Mary James FAcSS retired in January 2014 as Professor and Associate Director of Research at the University of Cambridge, Faculty of Education. In the same year she completed her four-year term as Vice President and President of the British Education and Research Association.
She was born in Dorking, Surrey, England on 21 March 1946. Her father was a carpenter and joiner and her mother was a factory worker. Mary was educated at Sondes Place Secondary Modern School and West Ewell Country Secondary School before qualifying as a teacher at Brighton College of Education. She was then in the first cohort to be awarded a BEd degree from Sussex University in 1968. Subsequently, she gained an MA from the Institute of Education University of London (1979) and a PhD from the Open University (1990).
Biography
Mary taught for ten years in secondary schools, including:
- Park Barn County Secondary School, Guildford (1968–1970)
- Portsmouth Southern Grammar School for Girls (1970–1974)
- Hatch End High School, Harrow (1974–1979)
In 1979 she started a career in educational research at the Open University and subsequently moved to Cambridge Institute of Education as a tutor (in 1989). The Cambridge Institute became incorporated in the University of Cambridge in 1992 where she became a Senior Lecturer and then a Reader. She was also elected as a Fellow of Lucy Cavendish College Cambridge in 1996. In 2005 she left Cambridge to take up a Chair in Education at the Institute of Education. From 2002 to 2007 she was Deputy Director of the ESRC’s Teaching and Learning Research Programme. She held an Economic and Social Research Council Director's Fellowship in 2008. At the end of 2008 she took up a part-time post as Associate Director of Research at the University of Cambridge Faculty of Education. From 2013-2015 she was also Non-executive Director of Bell Educational Services.
Research interests
Throughout her career in teaching and research, Mary has been interested in finding out what teachers might do to improve learning by investigating what happens in their interactions with students, the curriculum and school structures. After moving into higher education, this interest initially developed into research and teaching on school self-evaluation and teacher action-research. During a period of five years (1985–90) when she was involved in a large government-funded evaluation of records of achievement schemes (PRAISE), she became increasingly interested in the idea that assessment by teachers in classrooms could be a powerful tool for improving learning. This often requires them to rethink what it means ‘to teach’ and ‘to assess’ and to place more emphasis on eliciting and interpreting evidence of learning as a basis for planning teaching to support learners in their efforts to improve.
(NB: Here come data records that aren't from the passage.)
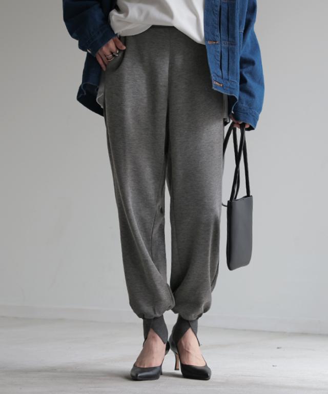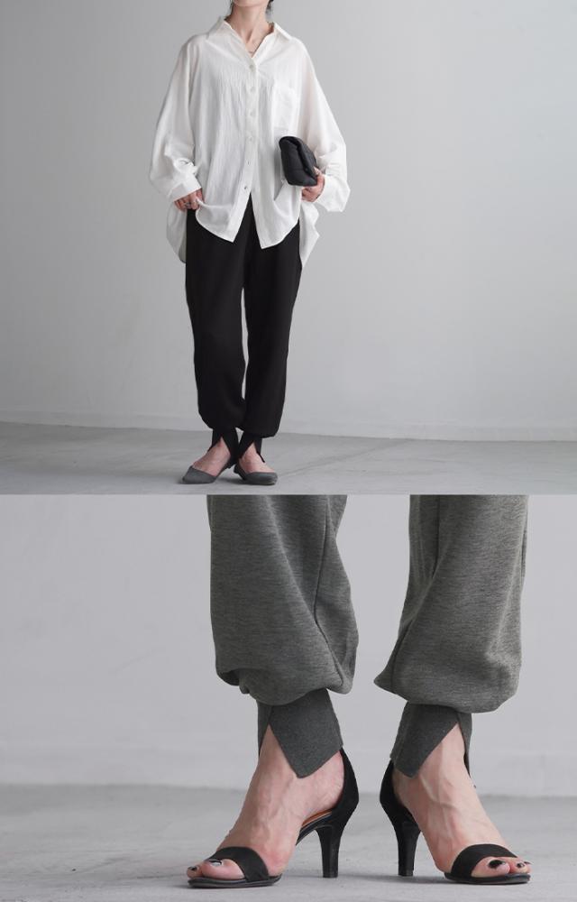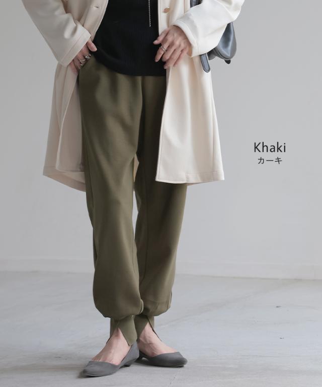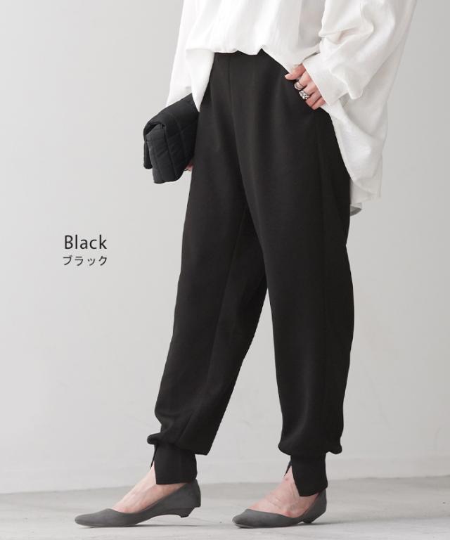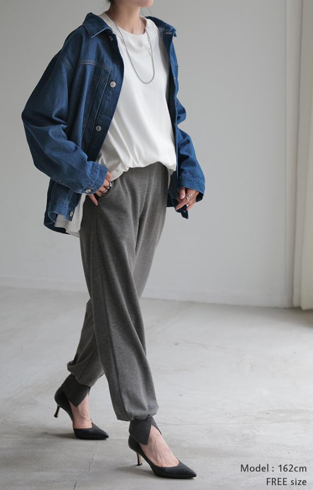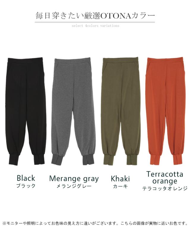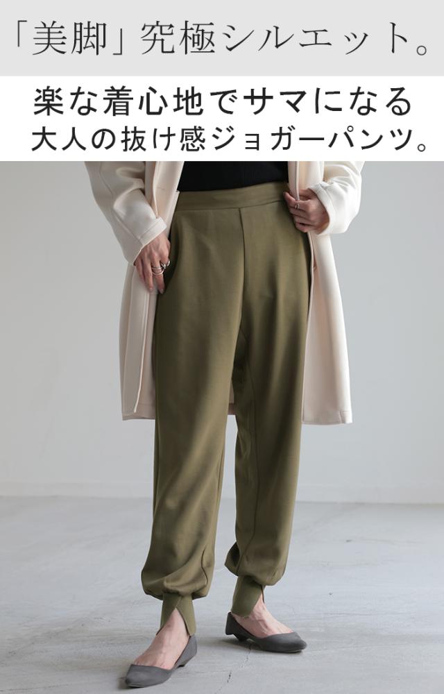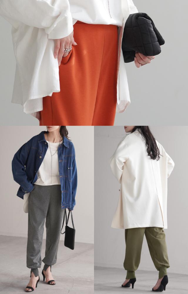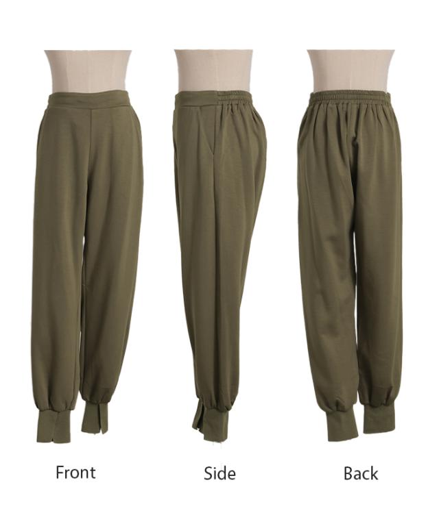 長めの裾リブとスリット入りが女性らしいジョガーパンツです。
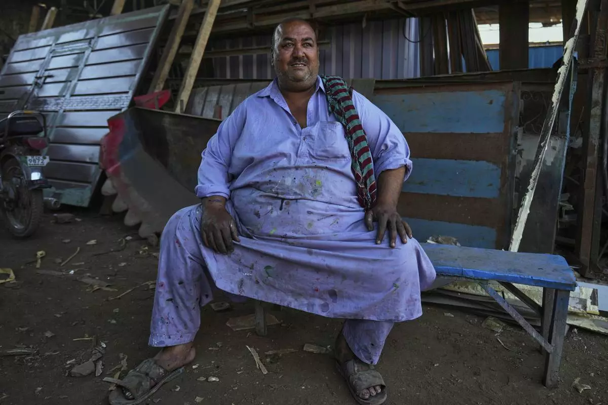 Artisan Muhammad Ashfaq, 55, sits for a portrait at his workshop in Rawalpindi, Pakistan, on Sunday, April 27, 2025. (AP Photo/Anjum Naveed)
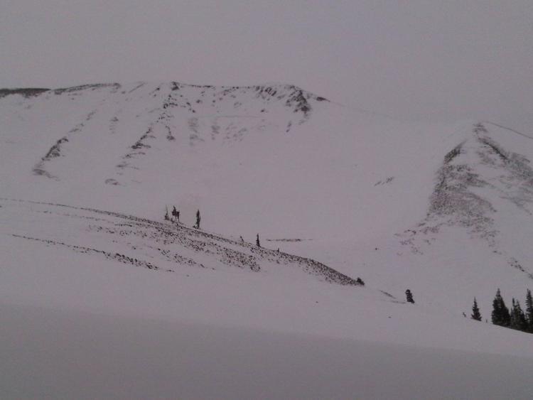 The Mellenthin slide is in the center of the photo There was a 2nd slide, below the dense tree line again on a N facing slope @ 10,900' above the Dark Cyn road, it was hard to see how far it slid, depth of crown was hard to determine, width was 200'
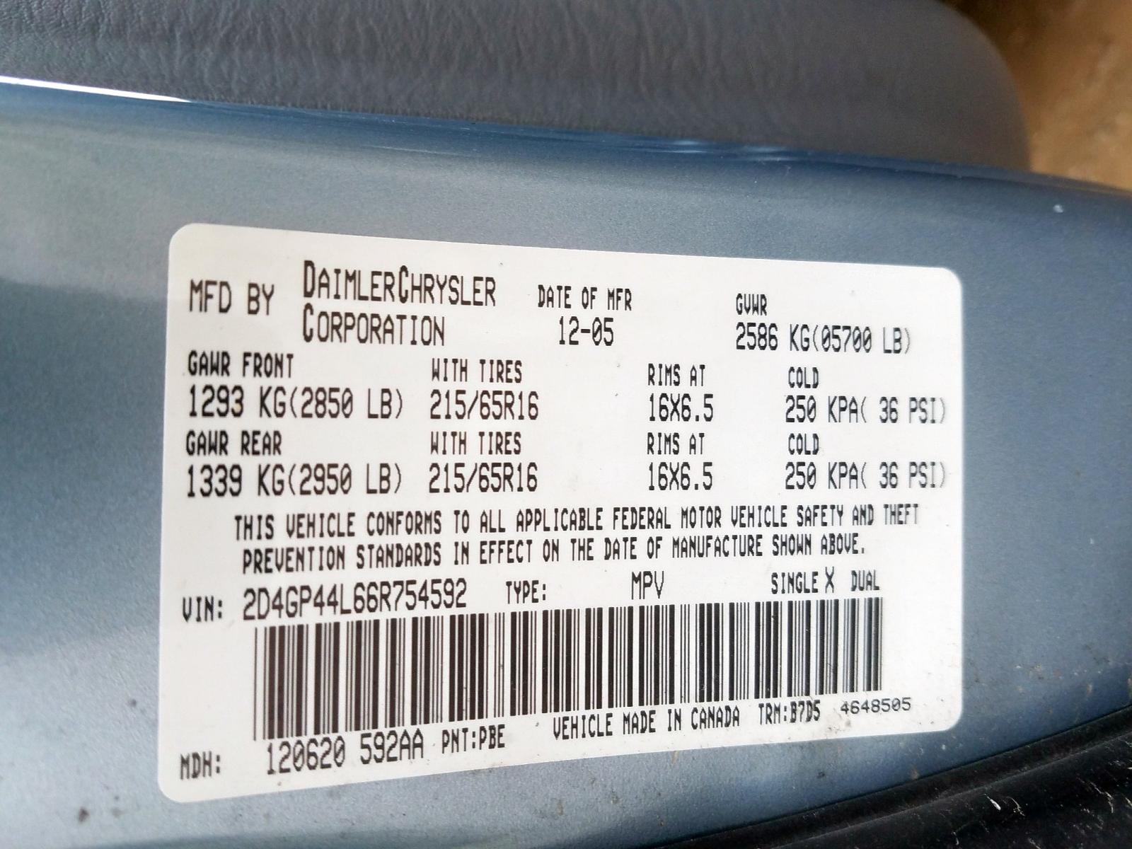 VIN: 2D4GP44L66R754592

Traditional views of practice, cultural and institutional expectations, and external policy sometimes inhibit change, therefore, another area of research interest has been the impact of national, local and school policy on classroom practice and students’ experience. She has published widely in all these areas. In 2013 her selected works were published by Routledge in their World Library of Educationalists.
These two complementary strands of research activity also found expression in her work as founding editor (1990–1996) of The Curriculum Journal, and in her membership of the Assessment Reform Group from 1992.
Mary's research interests in assessment, teaching, learning, curriculum, teacher development and school improvement came together in a major ESRC TLRP development and research project: Learning How to Learn – in classrooms, schools and networks’. This involved collaborative work over four years (2001–2005) among five universities (Institute of Education, Cambridge University, University of Reading, The Open University and King's College, London) and 40 primary and secondary schools. Its overarching aim was to develop and test a model of how pedagogical knowledge about how pupils learn how to learn, building on assessment for learning, is created and applied in classrooms under particular organisational conditions. It also investigated how this knowledge can be successfully transferred between teachers and between schools. Publications from this project can be accessed via the TLRP website.[1]
From 2002-2008 she was also Deputy Director of the Teaching and Learning Research Programme as a whole, with special responsibility for 22 projects and for synthesising findings into 10 evidence-informed principles for effective teaching and learning.
References
- ↑ "Learning How to Learn". Teaching and Learning Research Programme. Archived from the original on 2007-09-29.